Before the book's publication, there were a few publishing companies that were asking Brunson to write a book and let them publish it, but he was worried that he would never get paid the royalties he would be due, so he went out and spent tons of money just to get the book published by purchasing almost an entire publishing company, renting a building, and hiring a staff. When they started selling the book at $100 by running ads in newspapers they found out the market was pretty limited. Although he planned on publishing more books, he wasn't making enough money to keep the business going, so he closed it down. He broke even on the book only after its 8th or 9th edition.
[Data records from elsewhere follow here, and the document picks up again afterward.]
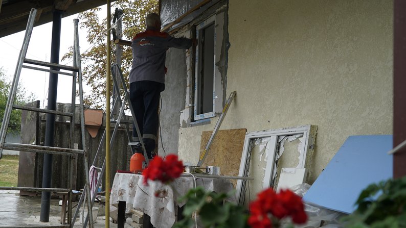 Олександр Чеснюк з селища Пришиб встановлює вікно, яке придбав на гроші з “єВідновлення”, Харківська область, вересень 2023 року. Олександр Ставицький/Суспільне Харків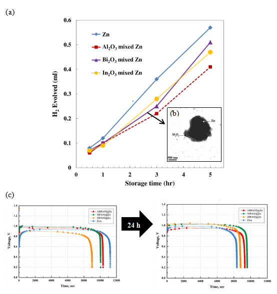 (a)60℃时,锌凝胶阳极表面析出氢气体积测量。(b)涂覆Al2O3的锌粒子的透射电镜图像。(c)PANI@Zn在环境温度下24小时的放电曲线。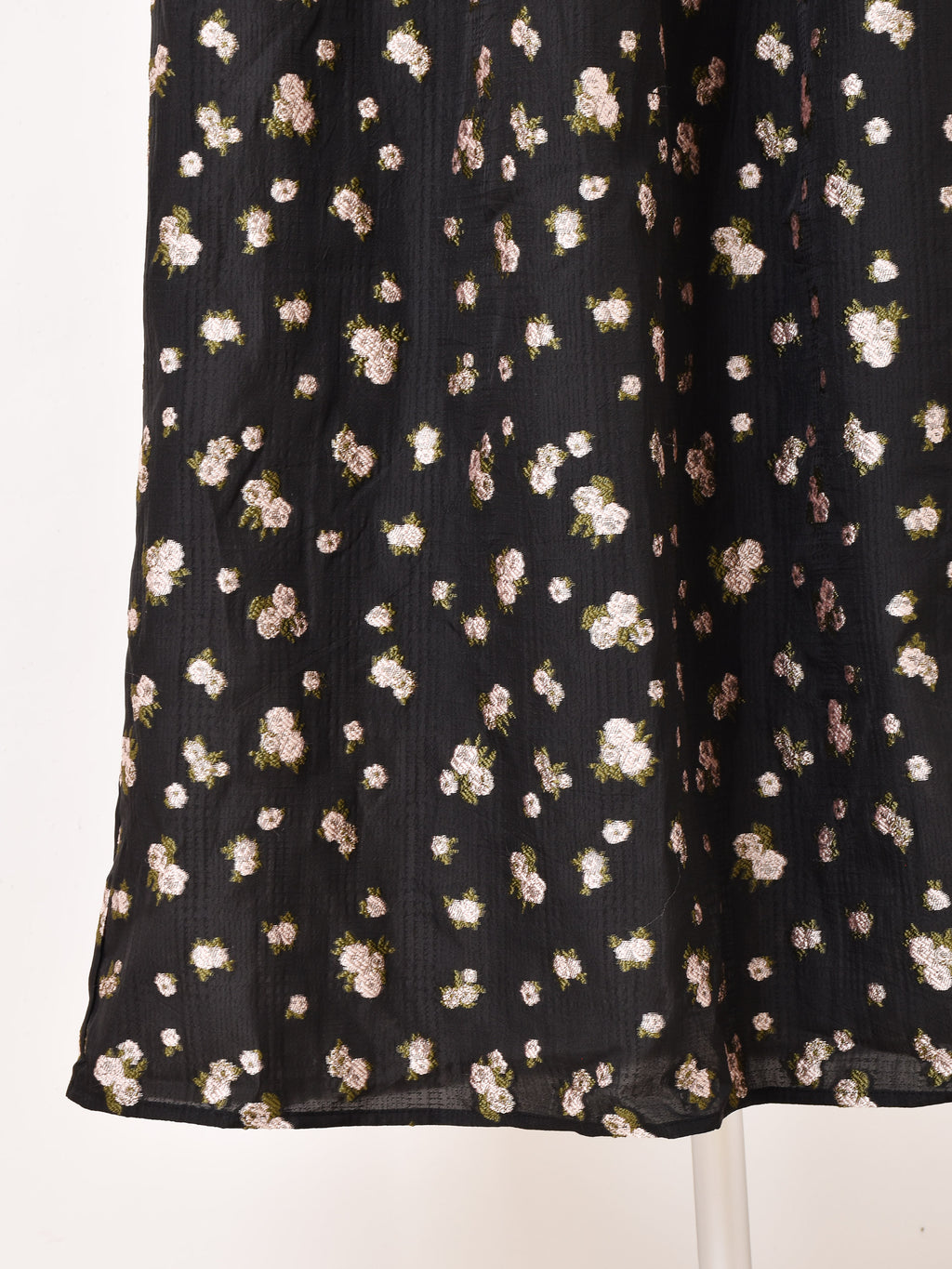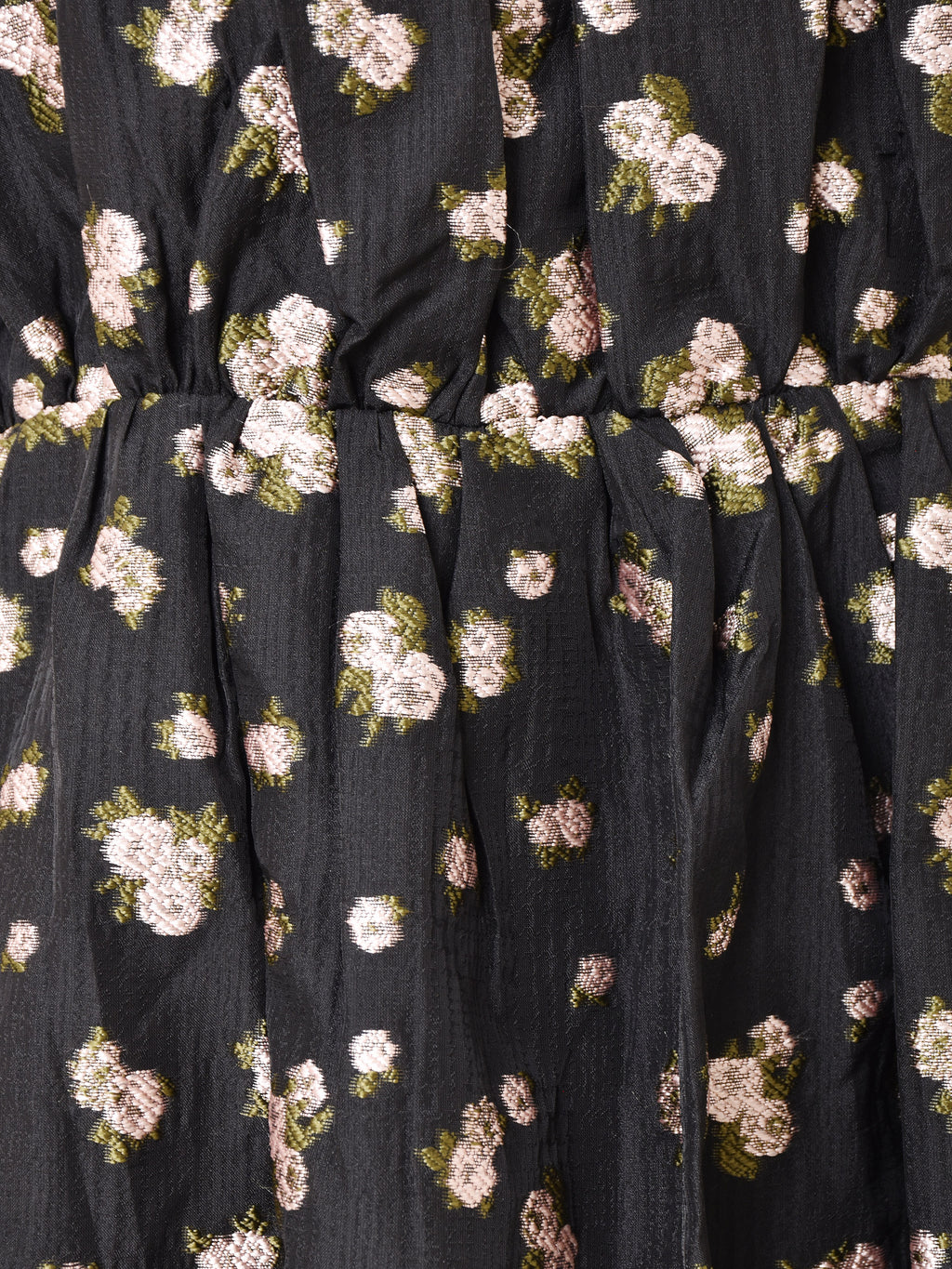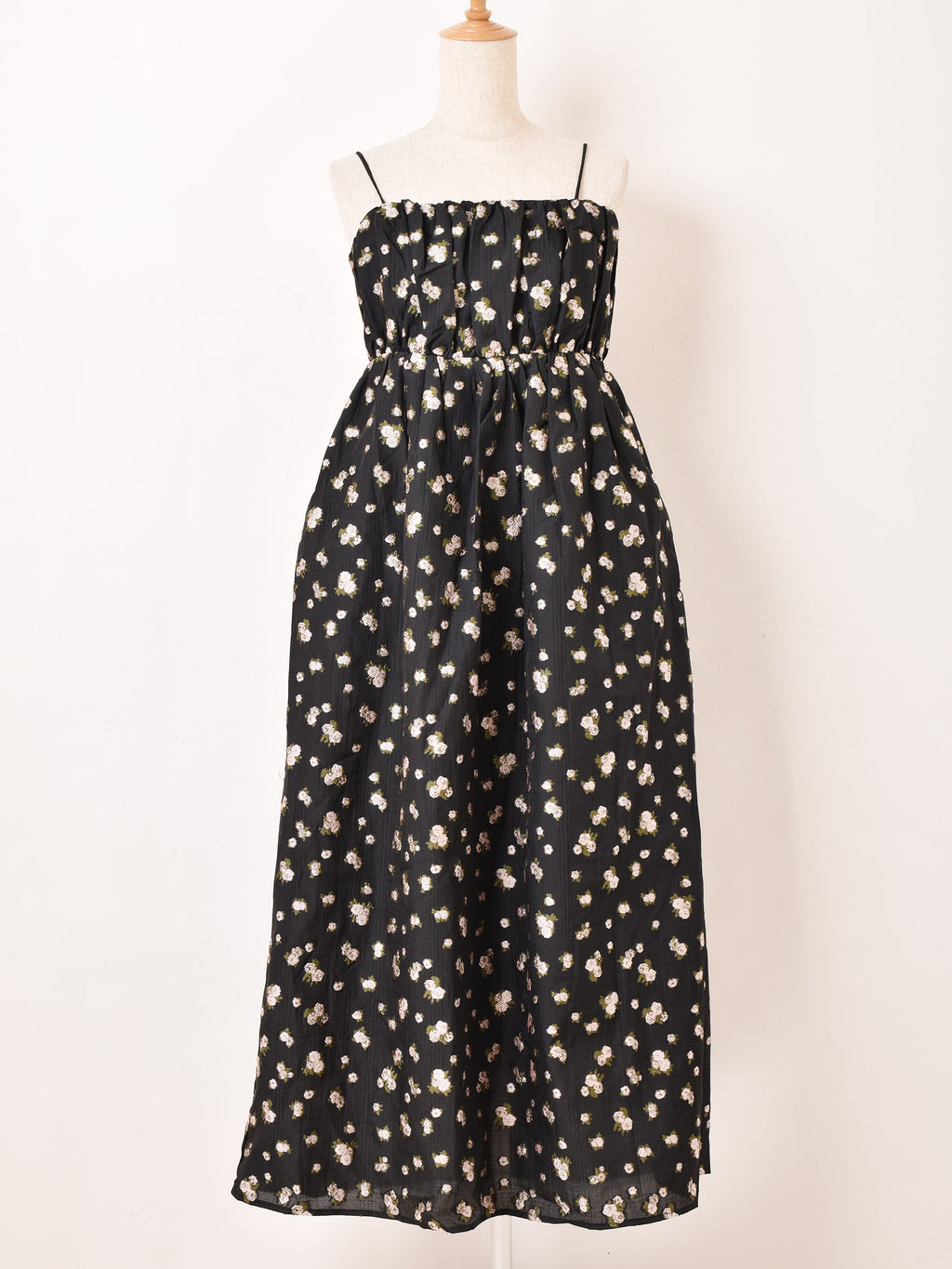 ジャガード織りの小花をあしらったキャミワンピ。華奢な肩紐は調節可能。ざっくりと開いた背中のデザインはレースアップになっており、よりバックスタイルが映える一着です。オールシーズンを通してレイヤードコーデが楽しめます。

It is the bestselling poker book of all time.
A highly-anticipated follow-up to the book, "Super System II", was published in 2005 to lukewarm reviews. Brunson is also the author of Poker Wisdom of a Champion, originally published as According to Doyle by Lyle Stuart in 1984.
In July 2005, Brunson made an unsolicited offer to buy WPT Enterprises, Inc., the publicly traded owner of the World Poker Tour, at a high premium over its market value. His widely-publicized offer triggered a sharp rise in WPT's stock price on record trading volume. In December 2005, the SEC (Securities and Exchange Commission) formally investigated whether Brunson's offer, and its publication, violated federal securities laws, including the anti-fraud provisions of the Securities Exchange Act of 1934. As part of its investigation, the SEC subpoenaed documents and testimony from Brunson's lawyers. Brunson invoked his Fifth Amendment right against self-incrimination and declined to testify in the investigation. The WPT stock price declined sharply, costing investors tens of millions of dollars in lost market value. The offer eventually expired.
Brunson also endorsed the online poker room "Doyle's Room", a medium traffic site that was shut down with a lot of other poker sites on Black Friday in 2011.
In the 1980s, Brunson became known for the huge amounts of money that he wagered on the golf course, up to $400,000. "The guys out on the pro golf tour don't compete for the amount of money we bet on a single round", Brunson once said. People have joked that Brunson made more money at golf than any other person before Tiger Woods came along, and that he once bet one million dollars on a single hole. He also bets large sums of money on sports, and was rumored to have been the largest sports bettor in the world at one point.
In the early 1960s, Brunson married his sweetheart, Louise. Together, they had four children. Doyle's son, Todd Bruson, also plays poker professionally. Todd has won a bracelet at the 2005 WSOP, making the Brunson's the first father-son combination to win WSOP bracelets. His daughter Pamela played in the 2007 and 2009 WSOP main events, outlasting both Doyle and Todd both times.
Brunson's nickname, "Texas Dolly," was a result of a mistake by Jimmy Snyder. Snyder was supposed to announce Brunson as "Texas Doyle," but incorrectly pronounced the first name as Dolly. The nickname stuck and many of Brunson's professional friends now refer to Brunson as "Dolly."
Even though most of his dangerous days were in his past, he was robbed during the World Series of Poker. He went home after a tournament and drove into his driveway; two guys wearing ski masks and carrying guns dragged him inside. The robbers left after he was able to call his security company but he never felt comfortable at the house afterward, so they moved to a new home with better security.